Star-Bulletin news services

Tuesday, January 4, 2000

Markets take
New Year dive

Many investors apparently believe
that the Fed will raise interest rates at
its next meeting in February

Star-Bulletin news services

Tapa

NEW YORK -- Stocks plunged today as fears of rising interest rates depressed blue chips for a second straight session and also prompted some investors to take profits from technology stocks.

The Dow Jones industrial average fell 359.58 points, or by 3.17 percent, to close at 10,997.93 in heavy trading. It was the fourth-biggest point drop ever for the Dow but was not close to its largest daily percentage decline.

The Nasdaq composite index, which closed at a record high yesterday, fell a record 229.66 points to 3,901.49. The Nasdaq drop surpassed the previous largest daily loss of 140.43 points set on Aug. 31, 1998, and today's 5.56 percent slide today was the seventh-largest ever in percent terms.

Investors continued selling that began yesterday as the market grew concerned that, now that concerns about Year 2000 computer bugs have passed, the nation's robust economic growth will prompt the Federal Reserve to raise interest rates.

Many investors now believe the Fed will raise interest rates at its next meeting on Feb. 1 and 2. The Fed left rates unchanged at its last meeting, hoping to ensure monetary stability while Y2K concerns played out around the world.

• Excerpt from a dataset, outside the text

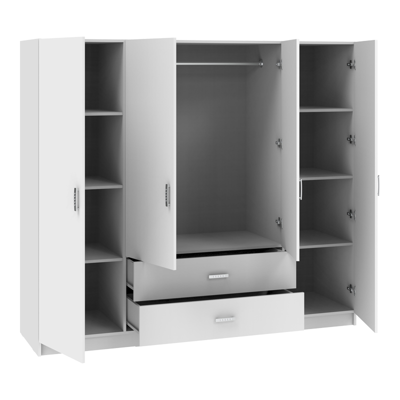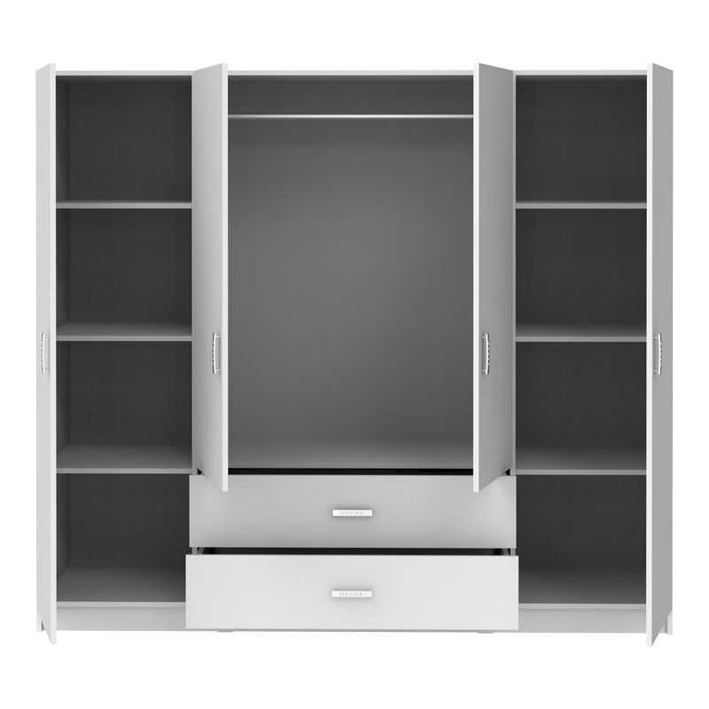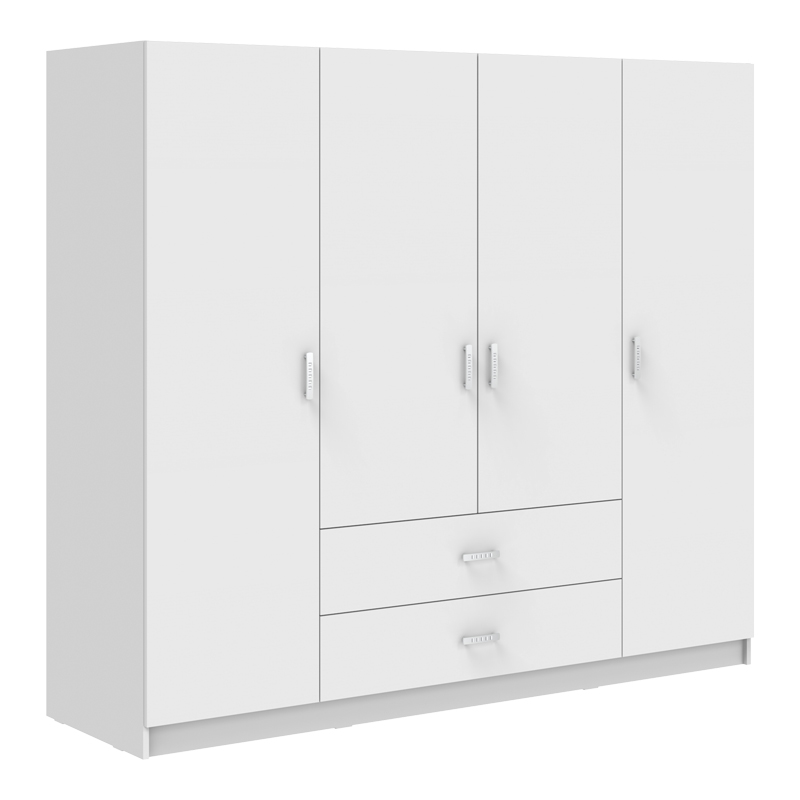 Ντουλάπα τετράφυλλη Royal pakoworld με συρτάρια λευκό 200x58x177εκ Αν θεωρείς πως ο αποθηκευτικός σου χώρος ποτέ δεν είναι αρκετός, τότε η ντουλάπα Royal είναι για σένα. Κλασσική γραμμή, με πολλαπλούς χώρους αποθήκευσης ,ιδανική για όσους αναζητούν μια οργανωμένη, κομψή και λειτουργική λύση για την αποθήκευση των αντικειμένων τους. Τεχνικά χαρακτηριστικά: Κατασκευασμένη από υψηλής ποιότητας μοριοσανίδα με επενδυση μελαμίνης , με αντοχή στην καταπόνηση και στον χρόνο. Προσφέρεται σε χρώμα λευκό. Με τέσσερα ανοιγόμενα φύλλα και δύο συρτάρια. Στο εσωτερικό περιλαμβάνει μεταλλική βέργα για κρεμάστρες και πολλαπλά ράφια.Διαστάσεις προϊόντος: Μήκος: 200 εκ. Πλάτος: 58 εκ. Ύψος: 177 εκ.Πληροφορίες υλικών: Μοριοσανίδα: Η μοριοσανίδα, γνωστή ως chipboard, είναι ένα σύνθετο ξύλινο υλικό που κατασκευάζεται από μικρά κομματάκια ξύλου, συνήθως πεύκου ή ελάτης, κολλημένα μαζί υπό υψηλή πίεση και θερμοκρασία με τη χρήση ρητινών. Χρησιμοποιείται ευρέως στην κατασκευή επίπλων, εσωτερικών επιφανειών και δομικών εφαρμογών. Κατασκευάζεται από ανακυκλωμένα υλικά και είναι ανθεκτική σε καμπύλες, τριβές και άλλες φυσικές καταπονήσεις. Μελαμίνη: Η μελαμίνη LPB (Low Pressure Melamine) είναι ένα συνθετικό υλικό που χρησιμοποιείται ευρέως στην επιφανειακή επεξεργασία μοριοσανίδας στην κατασκευή επίπλων και επιφανειών, λόγω της ανθεκτικότητάς της και της ευκολίας στη συντήρηση. Εφαρμόζεται σε υποστρώματα όπως το MDF (Medium-density fibreboard/ινοσανίδα) ή το κόντρα πλακέ OSB για να παράγει ανθεκτικές επιφάνειες.Οδηγίες συντήρησης: Μοριοσανίδα: Για τον καθαρισμό της μοριοσανίδας, μπορείτε να χρησιμοποιήσετε ένα μαλακό πανί ελαφρά εμποτισμένο με νερό και ήπιο απορρυπαντικό. Αποφύγετε την υπερβολική χρήση νερού και διατηρήστε την επιφάνεια στεγνή μετά τον καθαρισμό. Μελαμίνη: Ένα από τα πιο γνωστά υλικά στον χώρο του επίπλου είναι η μελαμίνη. Για να αφαιρέσετε τους λεκέδες από την επιφάνεια χρησιμοποιείστε ένα μαλακό πανί με χλιαρό νερό και ήπιο σαπούνι. Σκουπίστε απαλά την επιφάνεια μέχρι να αφαιρεθεί ο λεκές. Η μελαμίνη είναι ευαίσθητη στην υγρασία, επομένως είναι σημαντικό να την προστατεύετε από το νερό.Παρατηρήσεις: Το προϊόν παραδίδεται αμοντάριστο, σε εργοστασιακή συσκευασία και με αναλυτικό οδηγό συναρμολόγησης. Η χρωματική απόχρωση του προϊόντος ενδέχεται να διαφέρει ελαφρώς σε σχέση με την φωτογραφική απεικόνισή του στην οθόνη σας.

"Interest rates are going to weigh on the market," said Vincent Farrell, chief investment officer for Spears Benzak Salomon & Farrell Inc. "We're past Y2K; now you've got to focus on 'Gee, higher interest rates are bad for stocks.' "

U.S. markets took little notice of President Clinton's renomination of Alan Greenspan for another term as chairman of the Federal Reserve System. The announcement was widely expected.

But some of today's selling was also due to the fact that traders who enjoyed big gains at the end of 1999 can, with the arrival of the new year, take profits without having to pay taxes on their gains until 2001.

Analysts said a pullback after the market's December rally was expected.

"The market has had a very strong run," said Richard E. Cripps, chief market strategist for Legg Mason in Baltimore. "Higher interest rates are providing a catalyst for some selling that probably needs to take place before it can go any higher."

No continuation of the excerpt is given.